[SUPPLIED DATA Boundary: Start]
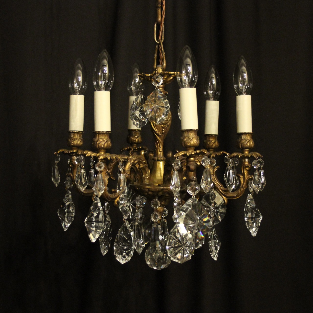 Italian Small Bronze & Crystal 6 Light Chandelier
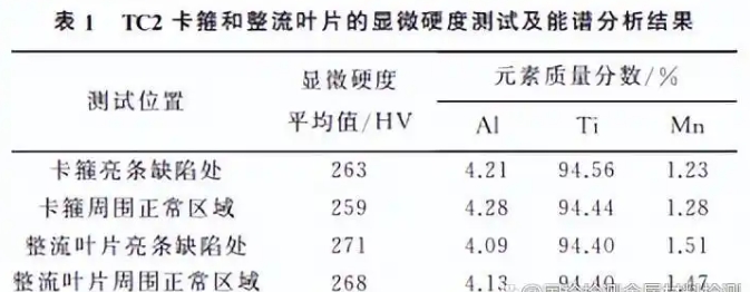 分别对 TC2卡箍和整流叶片进行显微硬度测 试和能谱分析,结果如表1所示,可见 TC2卡箍和 整流叶片亮条缺陷处与周围正常区域的显微硬度测 试结果和能谱分析结果没有明显差异,因此可以判 定 TC2卡箍和整流叶片的亮条缺陷均为锻造过程 中产生的应变线。
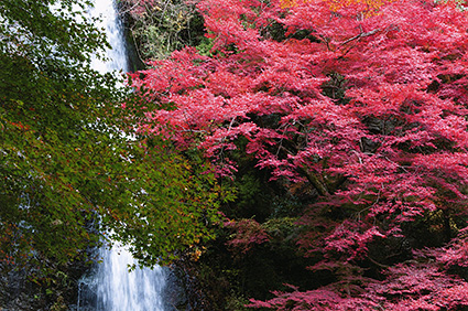 「 紅 葉 の 箕 面 大 滝 」 池上 擴朗
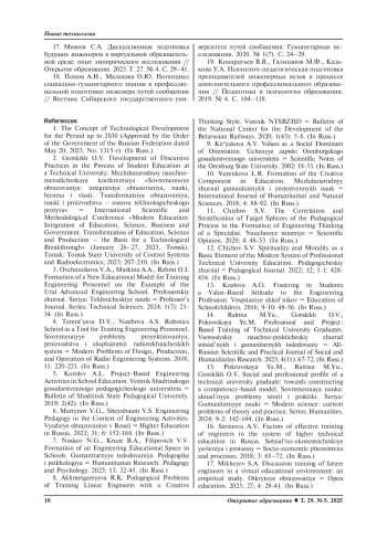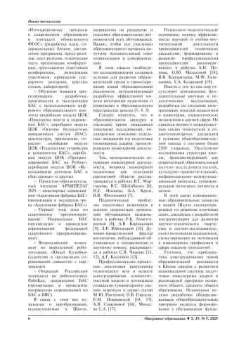 Заключение. Применение модели интеграции педагогики и инженерии способствует формированию мотивирующей образовательной среды для профессионального, личностного роста, развития и самореализации обучающихся и педагогов. Реализация межпредметных связей в процессе разработки интегративных программ обучения, включающих новейшие технические достижения в диалоге с социогуманитарными знаниями актуальна не только для школы, но и для вузов, СПО, предприятий как фактор преемственности. Модель интеграции педагогики и инженерии целесообразно распространить на площадках образовательных организаций России.
[SUPPLIED DATA Boundary: End]
- **WORK INSTRUCTION**: Output all data exactly, omitting images.

- **RESULT FOR THIS TASK**:
 Italian Small Bronze & Crystal 6 Light Chandelier
 分别对 TC2卡箍和整流叶片进行显微硬度测 试和能谱分析,结果如表1所示,可见 TC2卡箍和 整流叶片亮条缺陷处与周围正常区域的显微硬度测 试结果和能谱分析结果没有明显差异,因此可以判 定 TC2卡箍和整流叶片的亮条缺陷均为锻造过程 中产生的应变线。
 「 紅 葉 の 箕 面 大 滝 」 池上 擴朗
 Заключение. Применение модели интеграции педагогики и инженерии способствует формированию мотивирующей образовательной среды для профессионального, личностного роста, развития и самореализации обучающихся и педагогов. Реализация межпредметных связей в процессе разработки интегративных программ обучения, включающих новейшие технические достижения в диалоге с социогуманитарными знаниями актуальна не только для школы, но и для вузов, СПО, предприятий как фактор преемственности. Модель интеграции педагогики и инженерии целесообразно распространить на площадках образовательных организаций России.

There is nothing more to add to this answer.